Паломита дрожала, ее обнаженное тело трепетало в моих руках.
– Ты меня услышала? Ты сделаешь это?
Ее «да» прозвучало неохотно, принужденно. Но я не придал тому значения.
Около двенадцати я поспешил на Шлоссенштрассе. Я взглянул вверх – в окнах горел свет. Я перелез за ограду, миновал палисадник. Из окна ее спальни свешивался на шнурке ключ. Я рванул его вниз, отпер дверь дома, торопясь, поднялся на второй этаж. Дверь ее покоев ждала незапертой, и сама она сидела, полуодетая, на кровати.
Ее взгляд был странен: испуган и недоверчив сразу. Казалось, она смотрит грезы с открытыми глазами. И словно для того, чтобы удержать сновидение, она смежила веки. Я быстро приблизился к ней – одно слово, одно дуновение с уст, и моя милая погрузилась в сон. Всю ту ночь, всю незабываемую ночь, я не отрывался от нее, льнул к ней. Следующую ночь тоже… и ту, что за ней…
Так одиннадцать чудесных, поистине сказочных ночей.
Десятого августа Паломита должна была уехать. В Баден-Бадене ей предстояло встретить своих дядю и тетку, тоже возвращавшихся с отдыха. Оттуда – в Геную, а из Генуи – на родину на борту «Альстера». Ей не хотелось, чтобы я проводил ее до Баден-Бадена, где она провела бы еще два дня, потому я просил, умолял ее вернуться оттуда еще на один день, хотя бы на пару часов. Наконец я внушил ей это во время гипноза и заручился обещанием.
О, как я боялся перед ее отъездом! Тогда я остался один, сам с собой, со своими… ужасными мыслями!
До семи утра я был у нее, затем поспешил домой, омылся и переоблачился. В девять часов она уехала, я принес ей букет на перрон.
– Увидимся завтра вечером! – крикнула она.
Потом она ушла. Я попрощался с земским судьей и его женой, побрел по улицам.
И вот тут-то все и началось. Нечто поднялось мне на грудь, стиснуло горло. Оно судорожно вцепилось в мой мозг раскаленными пальцами, заставляя мои глаза гореть в орбитах. Это мучило, невероятно мучило меня.
А я только и мог взывать раз за разом:
– Господи! Господи!..
Успокоиться не выходило. Вообрази, Лили, меня – меня-то! – мучила совесть!
Нужно было срочно найти кого-нибудь, кто смог бы защитить меня от самого себя. Я свистнул первый попавшийся кеб и погнал к Чарльзу.
Приятель был дома, слава богу! Он еще нежился в постели, когда я сел на ее край.
– Дружище, – окликнул он меня, – выглядишь просто ужасно!

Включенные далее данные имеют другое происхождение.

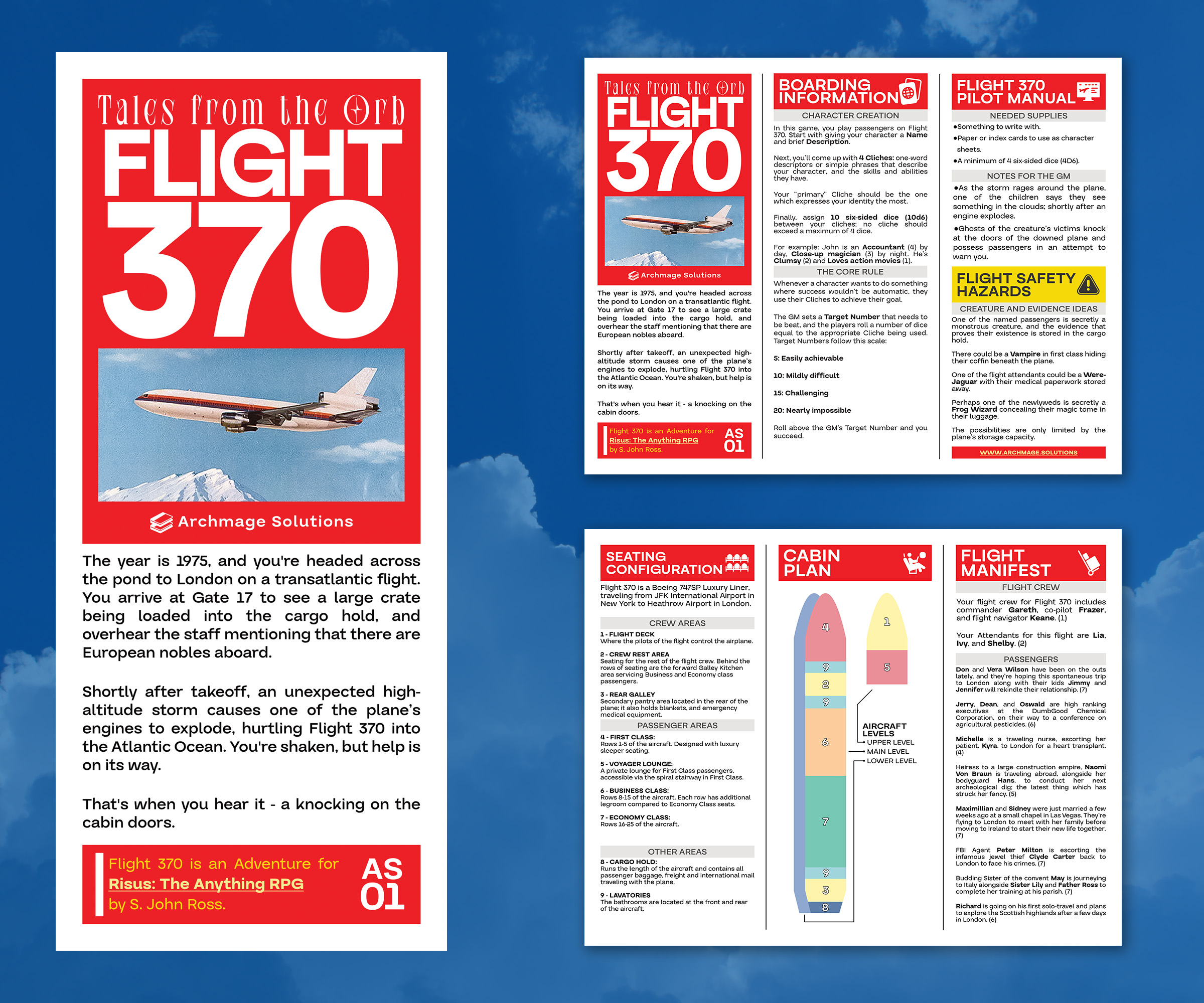 Flight 370 is a free pamphlet adventure for Risus: The Anything RPG, by S. John Ross, designed as a one-shot for 3-5 players.

Что это с тобой?
– Я расскажу тебе все, мой милый друг, все! Ты ведь знаешь, что я люблю ее?
– Кого именно?
– Овечья ты голова!.. Паломиту!
– Хм… да, похоже на то!
– И ты ведь знаешь, что она меня любит?
– Гм… да, вполне возможно!
И тогда я рассказал ему все, ни одной мелочи не скрыв, – как я гипнотизировал ее, как овладел ею во сне, как проводил с ней одну ночь принуждения за другой. Закончив, я уставился на него. Я словно ожидал, что он вынесет мне некий приговор.
Он прокашлялся, затем изрек:
– Да у тебя, мой друг, на лбу написано – «в тюрьму»!
– Ха, тюрьма… да плевать на это! Да ты забыл, милый, что все это сделал я и что я… люблю ее! И потому за это мне полагается безумие!
Я помчался от него домой и пережил там пару часов, дорогая Лили, таких страшных, таких невыносимо страшных… знаешь, я понял тогда, как ощущает себя убийца, когда до него доходит суть учиненного!
Около двух часов зашел Чарльз. Я заметил его только тогда, когда он положил мне на плечи руки.
– Пошли-ка, – сказал он, – надобно развеяться.
Он буквально тащил меня за собой. Днем мы выехали за город, вечером посетили «Тингельтангель» и паб. О моем грехе не было произнесено ни слова.
Чарльз свел меня к себе домой и не унимался до тех пор, покуда я не слег в постель. Потом он навел мне крепкий снотворный порошок. Ушел только тогда, когда я уже заснул.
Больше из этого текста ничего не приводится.